● **ACTIVITY**
Could you transcribe exactly the lines below, from the line with "inch Boring works" through the line with "Proponujemy Państwu prześliczny", and nothing else, leaving out the pictures?

───── DATASET

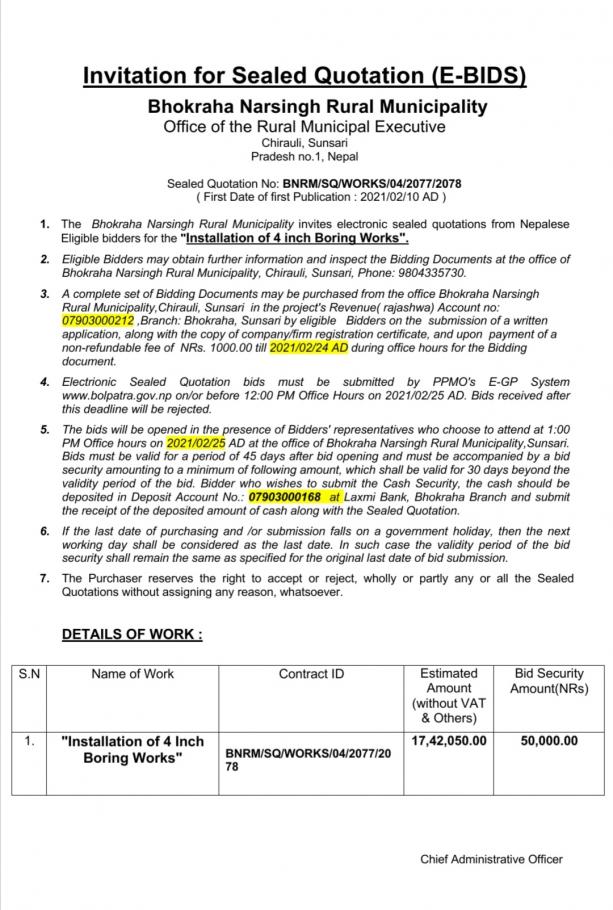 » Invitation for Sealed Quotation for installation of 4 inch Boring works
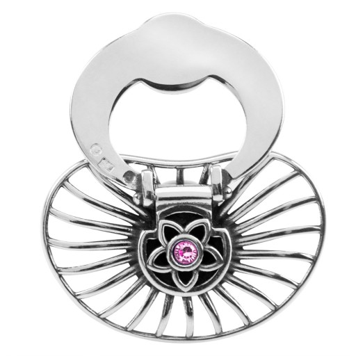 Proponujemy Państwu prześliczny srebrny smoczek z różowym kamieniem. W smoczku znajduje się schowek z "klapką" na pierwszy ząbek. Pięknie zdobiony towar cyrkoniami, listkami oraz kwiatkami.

──────────
───── DATASET

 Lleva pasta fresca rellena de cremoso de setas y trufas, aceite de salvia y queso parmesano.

──────────

● **TASK OUTPUT**
 » Invitation for Sealed Quotation for installation of 4 inch Boring works
 Proponujemy Państwu prześliczny srebrny smoczek z różowym kamieniem. W smoczku znajduje się schowek z "klapką" na pierwszy ząbek. Pięknie zdobiony towar cyrkoniami, listkami oraz kwiatkami.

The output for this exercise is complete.